映画視聴前の前情報として、また、映画を見た後の解説や考察レビューとして是非ご参考ください。
町山さん『ウィキッド ふたりの魔女』解説レビューの概要
①勇気ある作品のうちの1つ
②多様性を描く映画が作りづらい現代で意味のある公開
③『ウィキッド』の元になった『オズの魔法使い』
④『オズの魔法使い』の悪い魔女は本当に悪いのか?という視点で、悪い魔女の立場で物語を語り直したのが『ウィキッド』の原作本
⑤第1幕だけを映画化したのが今回の『ウィキッド ふたりの魔女』
⑥この悪い魔女と良い魔女は、実は若い頃○○だった
⑦グリンダは良い人だと思われるためならどんな悪い事でもする人
※○○の中に入る文章は、この記事の1番最後で公開しています。
TBSラジオたまむすびでラジオ音源を聞いて頂くか、書き起こし全文をご覧頂くか、この記事の1番最後を見て頂く事で判明します。
『ウィキッド ふたりの魔女』町山さんの評価とは
(石山蓮華)昨日はアカデミー賞の発表がありましたね。
(町山智浩)はい。このこねくとでも紹介させて頂いて今公開中のですね、『ノー・アザー・ランド 故郷は他にない』が、長編ドキュメンタリー映画賞を受賞しました。

(町山智浩)これはすごく大きな事だったと思いますねアメリカでね。これは映画の内容はイスラエルの中にあるパレスチナ人地区のですねヨルダン川西岸に住んでいる人達が、イスラエル軍によって家を破壊されて追い出されてるんですね。そこに住んでる若者がこの映画をずっと取り続けてるんですけども、それこそ銃で撃たれたりしながらね。途中からイスラエルの若者もそこに参加して、一緒にドキュメンタリーを作って行くんですよ。共同監督なんですけど、アカデミー賞の授賞式ではこのイスラエルの監督とパレスチナの監督2人共同監督がステージに並んで立ちました。これはすごい大きな事で、アメリカなんでね、アカデミー賞は。トランプ大統領がガザ地区というもう1つのパレスチナ人が住んでいる地区がありまして、そこはイスラエルの空爆によって5万人とか亡くなってるんですけど、そこの廃墟を片付けて高級リゾートを建てるって言い出してるんですね。あの、これもう信じられないですけどアメリカがそこを占領して高級リゾートを建てると。5万人死んでいる所にですよ。しかもそこにまだ少し、少しと言ったらあれですけど、まだ何万人ものパレスチナ人達が残ってるんでその人達を全部国外に追放すると。言ってる人が大統領のところでこの『ノー・アザー・ランド 故郷は他にない』がアカデミー賞とったというのは、これはすごく大きな事だったと思いますよ。
(石山蓮華)そうですね。
(でか美ちゃん)だし、こういう作品がノミネートされて受賞しているうちになんとかあげなきゃいけない声ってたくさんあるんだろうなと感じました。そういうのが作品も認められなくなっちゃったらどうしようというか。前まではそういう事考えてもなかったけど。ありうる未来と思っちゃうので、私は最近は。

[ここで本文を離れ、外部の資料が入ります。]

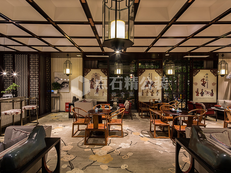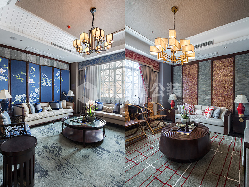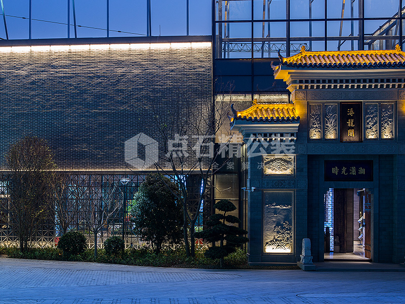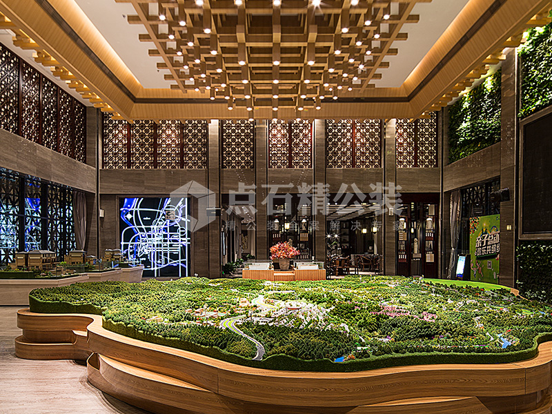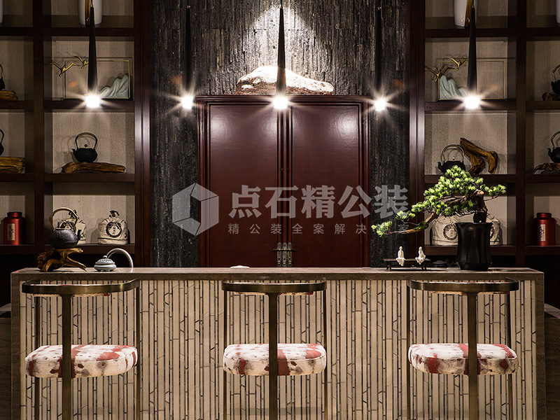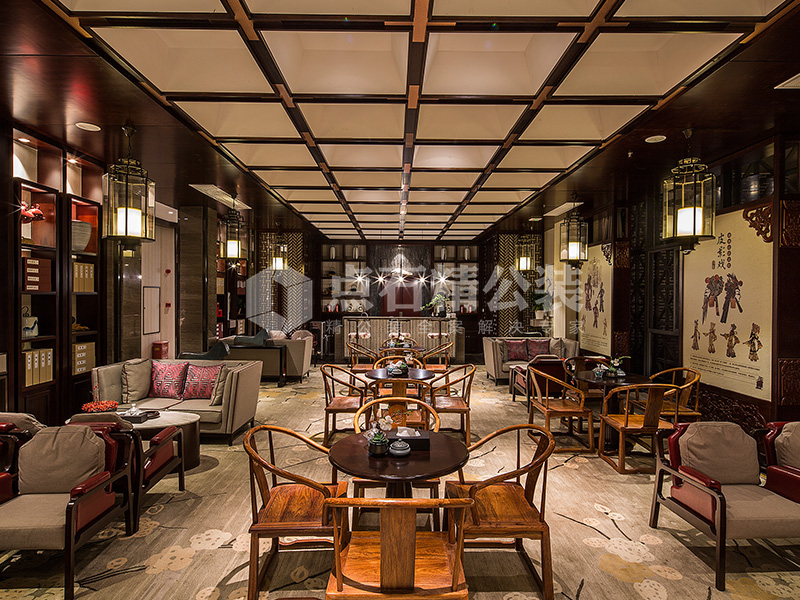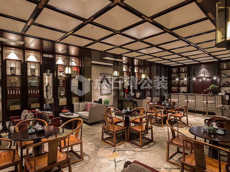 说明:本案为湖南长沙浔龙河时光潇湘售楼中心,主要风格为中式风格,大量采用中式元素如实木桌椅、博古架、花瓶瓷器等,整个空间古朴典雅,包含了十分丰富的文化意蕴。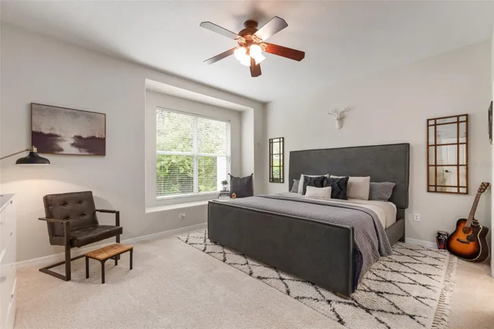 Welcome to 19204 Weymouth Drive, where fresh, clean, and an undeniable sense of pride is evident in every corner, including a NEW A/C (2025) system for added comfort and peace of mind. This well maintained villa offers THREE FULL BEDROOMS, two bathrooms, PLUS A DEN, OFFICE that has been used as a 4th bedroom, along with a two car garage. The exterior has been recently painted, with maintenance covered by the association, adding to the ease of ownership. Nestled within the gated community of Weymouth in Oakstead, this neighborhood is known for its quiet streets and highly rated schools. Balancing privacy and community living, it captures the charm of effortless, maintenance free living. Community amenities include a clubhouse with two party rooms, pool, three tennis courts, a volleyball court, a playground, a ball field, a basketball court, a fitness center, and scenic walking trails. The villa features a well designed split and open concept floor plan with an abundance of natural light, high ceilings, new stylish light fixtures, ceiling fans, and recessed lighting that enhance the ambiance throughout. Near the front entrance, the flexible den, office, previously utilized as a 4th bedroom, is centrally located and accessible through French doors, making it ideal for a bedroom, office, playroom, or gym. Enjoy a blend of comfort and durability with newer carpeting in all rooms, complemented by tile flooring throughout the main living areas. The family, dining room combo opens seamlessly to the kitchen, which features an eat in breakfast bar, newer sleek stainless steel appliances including a gas range, microwave, refrigerator, and dishwasher, as well as 42 inch cabinetry with matte black hardware that perfectly complements the fixtures. Tranquil views pour in through the dining room’s expansive window, accented by wall sconces that cast a warm glow. Just beyond the kitchen, a versatile nook offers flexibility as a sitting area or workspace, overlooking nature and the nearby pond, with patio access through a three pane sliding glass door. The patio provides private yet unobstructed views of the rear conservation landscape. The primary bedroom is thoughtfully separated from the main living areas and guest rooms and includes a walk in closet and en suite bathroom with dual sinks and a walk in shower. Relax in the cozy window nook while enjoying peaceful conservation views, you may even spot local wildlife. On the opposite end of the home, the guest bathroom has been tastefully updated with a new vanity, stone countertop, faucet, mirror, and light fixture. The two guest bedrooms are conveniently located nearby and feature newer carpeting and ceiling fans. A centrally located laundry room adds everyday convenience. Ideally situated near State Road 54 (5 mins), Veterans Expressway (18 mins), shopping (5 mins), restaurants (5 mins), and more, this move in ready home is not to be missed.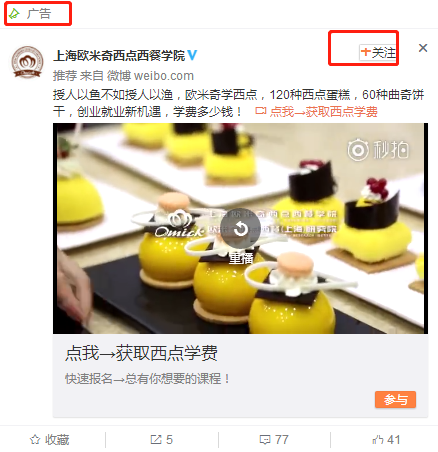 上海欧米奇的这支广告还是比较深入我心的,毕竟我有需求,所以这个广告在这个时间推送给我,也是很恰当的! 上海欧米奇的广告文案,主要吸引人的原因主要有两点: 1、品牌服务 广告主在广告位中直接展现服务优势,用户通过参与培训课程,能够学到120钟西点蛋糕,60中曲奇饼干的制作过程; 2、找准目标受众 学做西点蛋糕的用户一般有两种,一种是学徒还有一种就是创业人士,而广告主这里的广告内容就主要是针对创业人士推出的培训课程。找准创业人士做广告投放,创业人士首先是愿意付出投入成本的,并且参与教育培训课程的费用也是较高的,这也是我们在投放广告时,也需要选择合适有消费实力的目标受众进行广告投放! 总结 无论我们通过微博粉丝通广告是做品牌宣传,还是做招商加盟类的广告,都需要通警察公关危机的意义过广告文案、创意素材来展现出品牌优势和服务优势,在做宣传时,如果能够向用户解释清楚什么我们能够提供什么样的服务,服务有什么优势时,用户也是很乐意关注的! 如果有较好的真实合作案例,我们也可以在广告文案,广告落地页中展现合作的成功案例,也可以让用户直接对我们的推广内容主动咨询。

(町山智浩)そう。その通りですね。作れなくなっちゃうかもしれないという事態になっちゃってるんですよ。これね日本であんまり伝わってないと思うんですけど、アメリカねテレビ局の中でいっぱいテレビ局がある訳ですけども、トランプ大統領に批判的だった人が次々とクビになっています。
(石山蓮華)え。
(町山智浩)キャスターとか。
(石山蓮華)あぁ。
トランプ大統領に批判的だった人が次々とクビに。
(町山智浩)これすごい事態になってるんで、どうしてそうなっちゃったかというとね、日本と違って・・日本と違うのかな同じなのかな、わからないけどテレビ局って後ろにその大きい企業チームがある訳ですよ。そこがやっぱりね、トランプと大統領とぶつかると非常にまずいところがあるんですね。企業体が。例えばディズニーなんですよ。ディズニーはずっと、DEIと言われる多様性を推進するような会社の内部の雇用とかのシステムもそうだし、映画の内容もそうですよね。ところがトランプ大統領の就任してすぐに出した大統領令は、DEIを撲滅するっていう。(笑)多様性をこの世から滅ぼすというですね、すごい大統領令出しましたんで。そうするとディズニーの方針とぶつかっちゃう訳ですけど、でもディズニーみたいな規模の会社だとすごく政府との仕事とか多いですよね。ディズニーランドとかディズニーワールドとか色々あるから。そうすると、対立できない訳ですよ。そうすると、ABCテレビというテレビ局がディズニーの主体にあるんですが、そこであんまりトランプを批判しないようにという形になる訳ですよ。それはすべてのテレビ局にあって、やっぱり1つじゃなくてみんな色々な企業体の中のテレビ部門なんで。なんらかの形でやっぱり、政府はテレビに関しては許認可権持ってるしね。
(でか美ちゃん)そうですね。
(町山智浩)だからすごくやりにくくて。しょうがないからあんまり、トランプ大統領を批判する人には辞めてもらおうという形になっていると。これほんとすごい状況で。今年のアカデミー賞はまだああいった作品がドキュメンタリー部分でとったりとかしましたけど、今後作る事自体が非常に難しくなったり、配給できなくなったりする可能性も非常にあって、もう本当に怖い時なんですけど、こんな時にですね、今日紹介する映画は勇気ある作品のうちの1つなんですが、『ウィキッド ふたりの魔女』というね映画をちょっと紹介させていただきたいんですが。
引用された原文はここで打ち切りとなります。